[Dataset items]

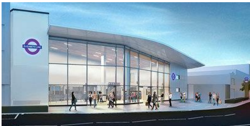
Unu el la novaj stacioj (laŭ la planoj)

La Crossrail -projekto estas momente konata kiel la plej granda infrastrukturprojekto en Eŭropo.
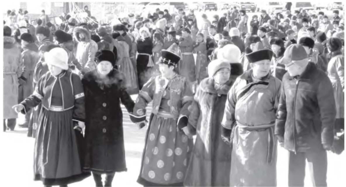
Хэжэнгын ёохор хүхюутэй

эблэлэйманай түрүүлэгшэ (5 жэл миний түрүүлэгшээр хунгагдаһаарни үнгэрбэ) Советтээе бүри хайнаар хүдэлхэн болтогой! Хойто жэл Улаан-Үдэдөө “Сагаа алха” гэхэн Сагаан харынгаа найндэр ниислэл хотодо ажаһуудаг хэжэнгынхид тэмдэглэхэбди. Булта элүүр энхэ, эбтэй зетэй, амгалан тэнюун, ажалдаа амжалтатой, ажабайдалдаа жаргалтай ажаһуухамнай болтогой!
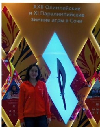
Олимпийский проспект, Большой Сочи

Тот самый олимпийский огонь находится в Образовательном Центре для одаренных детей "Сириус" в Сочи. Здесь я учусь на направлении "Литература". #СочиСириус#Олимпийскийогонь#счастье#радость#учеба #литература#мечты#сбываются @ Сириус
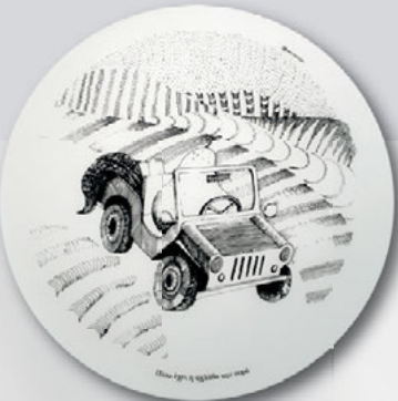
Σουπλά της σειράς Greek Proverb

Task to complete = In the copy, include no pictures; transcribe every record above verbatim.

Task result =
Unu el la novaj stacioj (laŭ la planoj)

La Crossrail -projekto estas momente konata kiel la plej granda infrastrukturprojekto en Eŭropo.
Хэжэнгын ёохор хүхюутэй

эблэлэйманай түрүүлэгшэ (5 жэл миний түрүүлэгшээр хунгагдаһаарни үнгэрбэ) Советтээе бүри хайнаар хүдэлхэн болтогой! Хойто жэл Улаан-Үдэдөө “Сагаа алха” гэхэн Сагаан харынгаа найндэр ниислэл хотодо ажаһуудаг хэжэнгынхид тэмдэглэхэбди. Булта элүүр энхэ, эбтэй зетэй, амгалан тэнюун, ажалдаа амжалтатой, ажабайдалдаа жаргалтай ажаһуухамнай болтогой!
Олимпийский проспект, Большой Сочи

Тот самый олимпийский огонь находится в Образовательном Центре для одаренных детей "Сириус" в Сочи. Здесь я учусь на направлении "Литература". #СочиСириус#Олимпийскийогонь#счастье#радость#учеба #литература#мечты#сбываются @ Сириус
Σουπλά της σειράς Greek Proverb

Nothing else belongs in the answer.